Tom Romola makes his living as a debt collector, a business in which one can prosper in bad times and good. But like many small-business owners these days, he says, the economy presents a particularly difficult challenge for the little guy.
"In my profession, there are people who are not going to pay their bills no matter what," said Mr. Romola, who owns Alpine Credit Inc. in Colorado. "But when the economy is good, it's easier to collect from those who would normally pay."
Mr. Romola is not alone in his pessimism. In an economy still struggling to recover from the Great Recession, the nation's biggest generators of jobs — small-business owners — are especially pessimistic about the months ahead, according to a survey released Tuesday by the National Federation of Independent Business. Confidence has shrunk to recession levels, NFIB officials said.
The group's small-business optimism index rose 0.5 point last month to 88.0, but the December gain followed a 5.6-point plunge in November, which was one of the sharpest declines in the index's 38-year history.
"Were it not for population growth supporting consumption and net new small-business creation, we would have no growth at all," the report said.
The latest monthly surveys were the lowest for the index since March 2010, when the U.S. economy was reeling from the Great Recession and after the peak holiday season. The confusion over the "fiscal cliff" and the lack of a clear direction from Washington on policy for the coming year didn't help.
"Congress played chicken right up to the end of the year, leaving small-business owners with no new information about the economy's future — no sense of how much their taxes would increase or if the economy would go over the now-infamous cliff," said NFIB Chief Economist William C. Dunkelberg.
The fiscal cliff put a chokehold on the economy in December, said Mr. Dunkelberg, and many small employers — unlike economic forecasters — generally expect the economy to do worse for the foreseeable future. The NFIB survey, conducted in December, polled nearly 650 small businesses and NFIB members.
Pervasive uncertainty — over taxes, government spending and economic growth — is a key factor behind the small-business pessimism, said Leslie Levesque, a U.S. economist at IHS Global Insight.
"Skepticism about future business conditions is likely behind the reading," she said. "It is still tough to tell how small-business owners will react in January since the resolution of the fiscal cliff. It is likely that many were not fully satisfied with the outcome."
Small-business owners have been a persistent political sore spot for President Obama. Polls during the 2012 campaign showed he trailed Republican challenger Mitt Romney among small entrepreneurs by double-digit margins, although a late-October poll showed the gap closing to about 12 percentage points.
Many small-business owners made no secret of their unhappiness with the president's "You didn't build that" comment during a July campaign stop in Roanoke, Va., a remark heavily played up by Mr. Romney and other Republicans at their national convention in Tampa, Fla.
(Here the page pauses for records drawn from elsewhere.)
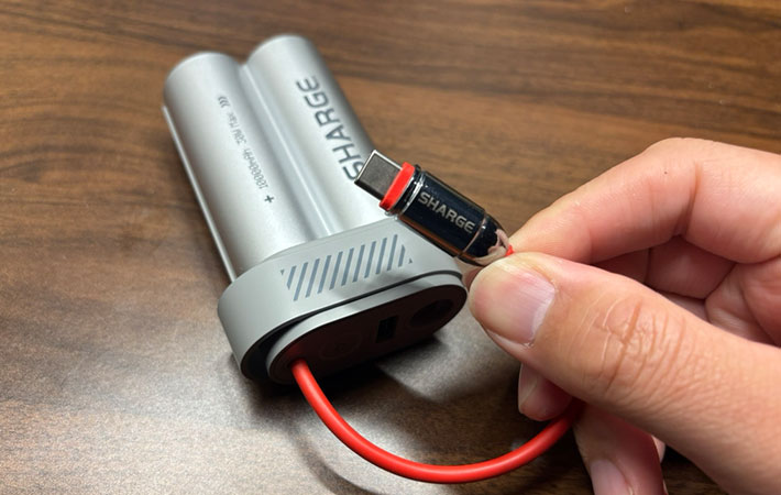 ちなみに『SHARGE Pouch Mini』にはUSB-Cケーブルが内蔵されていますが、これがなかなか便利です。
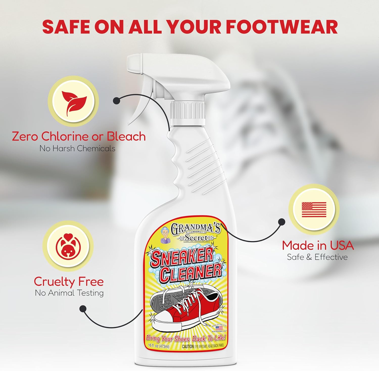 Grandma's Secret Sneaker Cleaner - Shoe Cleaner for Rubber, Canvas and Leather - Stain Remover Spray Removes Dirt, Grime and Grass - Sneakers Cleaner for Outdoor Shoes, Slippers and Moccasins ??16 oz
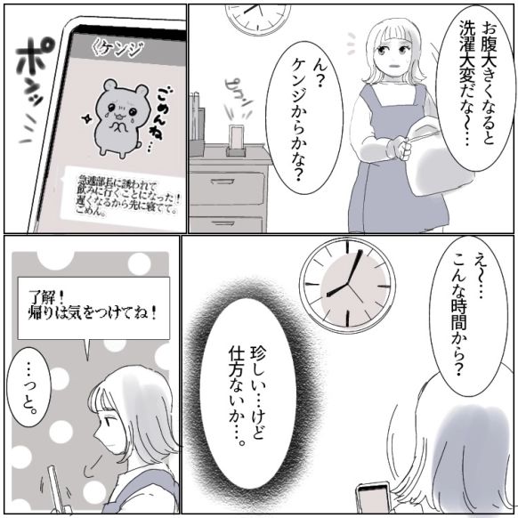 カナは現在妊娠8カ月。夫のケンジもお腹の子に会えるのを楽しみにしており、夫婦で幸せな毎日を過ごしていた。しかし、突然ケンジから帰りが遅くなると連絡が入る。
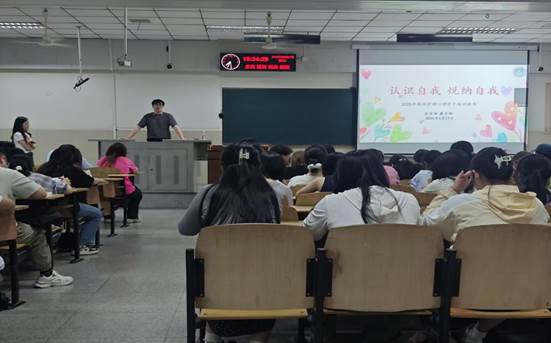 培训中,郭老师围绕"认识自我,接纳自我"主题展开讲解。结合具体案例,深入分析了自我认识偏差的常见问题,并针对性提出解决方案,指导同学们通过认知调节和行为调节实现自我完善与关怀。
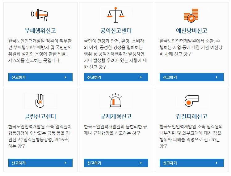 ‘갑질피해신고’는 한국노인인력개발원 홈페이지(kordi.or.kr) ‘kordi신고센터’를 통하여 접수 가능하며, 주요 내용은 갑질 상담 및 신고 접수와 조사 등이다. 신고 관련 상세 내용은 한국노인인력개발원 전략기획부(031-8035-7522)로 문의하면 된다. 신고자와 신고 내용에 대한 비밀은 절대적으로 보장하며, 갑질신고 온라인 페이지는 비공개로 운영된다.
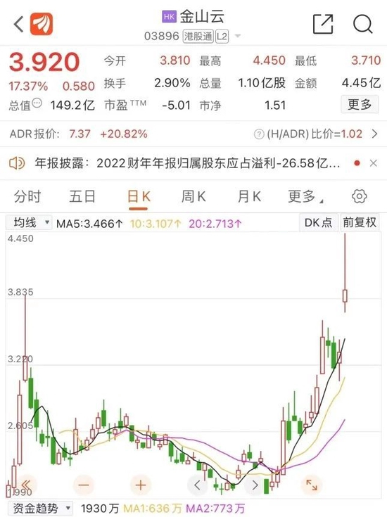 今日早盘,金山云盘中涨超23%,盘中股价创下上市以来新高,报4.18港元/股。截至发稿,金山云涨17.37%。自3月13日以来,14个交易日,金山云股价几乎翻倍,累计涨幅为94.02%。

In December, 70 percent of owners polled by the NFIB said it was a bad time to hire or invest. Few added jobs during the month. Some 76 percent of the owners said they planned no changes in employment, 11 percent who were hiring added an average of 2.9 employees and 13 percent cut back by 1.9 workers.
Hiring plans for smaller employers also weakened, falling from 5 percent to 1 percent of employers.
One in 4 employers cited political uncertainty as a key reason why they were not expanding. They listed the top business problems in the way of hiring as taxes (23 percent) and regulations (21 percent). Poor sales came in third at 19 percent.
"December's reading is certainly not typical during a recovery," the NFIB said.
Sales showed some improvement but still weren't a positive for small businesses: 18 percent of owners reported higher sales, compared with 30 percent reporting lower sales. That was a 5-point improvement from the previous month.
The appetite for loans for expansion also has failed to pick up for small businesses.
"Desire for new lines of credit is weak among small business owners," the NFIB survey said. Fifty-two percent are not looking for loans, and 29 percent said their credit needs had been met.
But some businesses are doing well.
Gnome Games, based in Green Bay, Wis., was inversely affected by the fiscal cliff.
"Personally, I'm very optimistic," Gnome Games CEO Pat Fuge said. "When people don't take vacations, they escape with a board game or card game."
At Kimmie Candy Co., sales have been growing 20 percent each year over the past few years, largely because of exports, which make up about 20 percent of the company's business.
"People eat candy when they're happy, and they eat candy when they're depressed, and they give candy when they're in love," said Joseph Dutra, president and CEO of Kimmie Candy, based in Reno, Nev. "It's an affordable treat that makes people feel good. So we're kind of in the perfect business."